We caution that IP rates contained in press releases can sound more impressive than they should, due to a lack of standardized methodology. This is why we prefer to use monthly data as reported to the states. For example, one operator originally wrote in a press release that a group of its East Texas wells had an average IP of 9 million cubic feet a day, and subsequently reported that same group of wells had an average first-month rate of 5.8 million. This would be impressive if these wells were in the Barnett, but given steep declines, they may only deliver 3 Bcf each before royalties, at two or three times the cost of a Barnett core well.

We recommend investors and other interested parties always request a 30-day production rate. If one cannot be obtained, we suggest withholding judgment (good or bad) until this information is in hand.

The future

We expect some companies in noncore areas could come under pressure to write down 2008 proved-reserve assignments as their disclosed type curves have not materialized.
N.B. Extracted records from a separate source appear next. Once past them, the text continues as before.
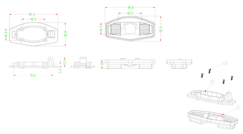 | Kentekenverlichtingsglas | 67,4 x 32,8–20 x 24 mm (B x H x D) |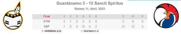 A primera hora de este martes, los Gallos de Sancti Spíritus se impusieron a los Indios de Guantánamo (5×3), con racimo decisivo de cuatro carreras en el segundo episodio, en el que resultó clave el tubey con bases llenas registrado por el antesalista Rodolexis Moreno.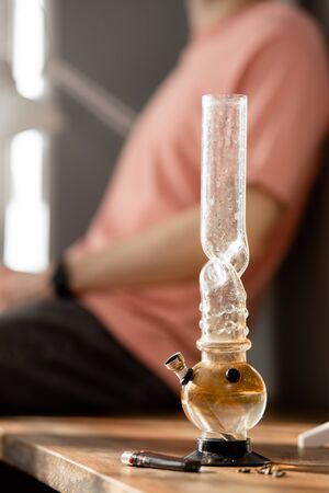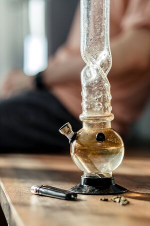 close-up photo of bong filled with hemp medicine, marijuana. drugs concept. relaxed man sit in the background

Based on three-year lease terms in Texas and Louisiana and assuming a maximum of 640 acres is held by a single well, we estimate that each 100,000 acres not held by production will require at least $1.4 billion of drilling expenditure over the next few years to prevent lease expirations. This will likely lead to campaigns for more farm-outs and joint ventures.

This article is adapted from two reports by Manuj Nikhanj, vice president and chartered financial analyst, and Trevor Sloan, vice president, finance, with Ross Smith Energy Group Ltd., a Calgary E&P research firm. Brock Murray, Jim Jarrell, Kerry Gregory and Salim Jamal also contributed to these reports.